Movimento telecamera computerizzato — programmabile, ripetibile, precisione millimetrica. Essenziale per compositing VFX, dettagli prodotto.
La macchina da presa a controllo di movimento opera secondo un principio semplice ma potente: si programma una carrellata della macchina da presa una volta in modo preciso, e la macchina la ripete con precisione al secondo, millimetro per millimetro. Il sistema controlla tutti e tre gli assi — Pan, Tilt, Dolly — tramite motori passo-passo, gestiti da un controllo CNC (Computer Numerical Control). Sul set, ciò significa: si muove la macchina da presa manualmente attraverso il movimento desiderato, l'elettronica registra ogni parametro, lo memorizza e poi lo riproduce quante volte si desidera — o lo varia con precisione secondo le tue specifiche.
L'utilità pratica si manifesta in tre aree.
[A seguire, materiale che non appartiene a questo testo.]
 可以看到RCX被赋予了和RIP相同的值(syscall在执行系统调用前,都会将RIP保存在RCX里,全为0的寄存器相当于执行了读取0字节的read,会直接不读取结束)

Primo: compositing VFX. Sono necessarie più carrellate della macchina da presa identiche per fotografare separatamente diversi livelli (primo piano, azione principale, sfondo) o elementi in green screen e combinarli in seguito. Con il controllo di movimento si garantisce che la prospettiva sia corretta — l'integrazione 3D funziona solo se il movimento della macchina da presa viene ripetuto matematicamente con esattezza. Secondo campo di applicazione: riprese di prodotti e fotografia tabletop. Un primo piano di un orologio con una perfetta rotazione a 360 gradi attorno all'oggetto — senza controllo di movimento la mano tremerebbe, la velocità varierebbe. Con il controllo è un'ellisse fluida e controllata. Terzo: effetti di parallasse e lavori stereoscopici, dove deviazioni minime tra due macchine da presa sono visibili.
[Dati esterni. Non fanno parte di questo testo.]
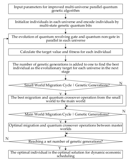 Taking the active base point and spinning reserve capacity setting of each conventional unit in each period as individual genes, the algorithm flow of solving the dynamic economic dispatch model based on the improved multi-universe parallel quantum genetic algorithm is shown in Figure 3. Among them, the multi-universe parallel topology structure is shown in Figure 2. The specific implementation of multi-state genetic quantum bit encoding, quantum rotating gate and non-gate evolution, and optimal migration and quantum crossover operation can be found in [29].

La tecnica richiede pianificazione. È necessario spazio per il sistema — di solito un braccio robusto o una gru con sensori encoder. La prima ripresa è sempre una corsa di prova; poi si salva, poi si ripete. Con gli attori può diventare complicato — devono riprodurre ogni movimento esattamente. Per questo motivo si utilizza spesso il controllo di movimento per elementi che non si muovono (o per pure carrellate della macchina da presa senza azione umana). Se si vuole modificare — andare più veloce, curvare diversamente — si regolano semplicemente i parametri. Sul set è un vero risparmio di tempo, a patto che la preparazione tecnica sia corretta. Tempistica e calibrazione sono critiche; una corsa iniziale scadente memorizza anche dati scadenti.
In pratica, questi sistemi stanno scomparendo sempre più dai grandi studi — le moderne pipeline VFX preferiscono lavorare con il motion tracking 3D e macchine da presa virtuali al computer. Ma per il tabletop, per ripetizioni di movimenti non complicate e per riprese live-action, dove la precisione meccanica è indispensabile, si vedono ancora regolarmente rig di motion control. Chi ci lavora apprezza l'affidabilità.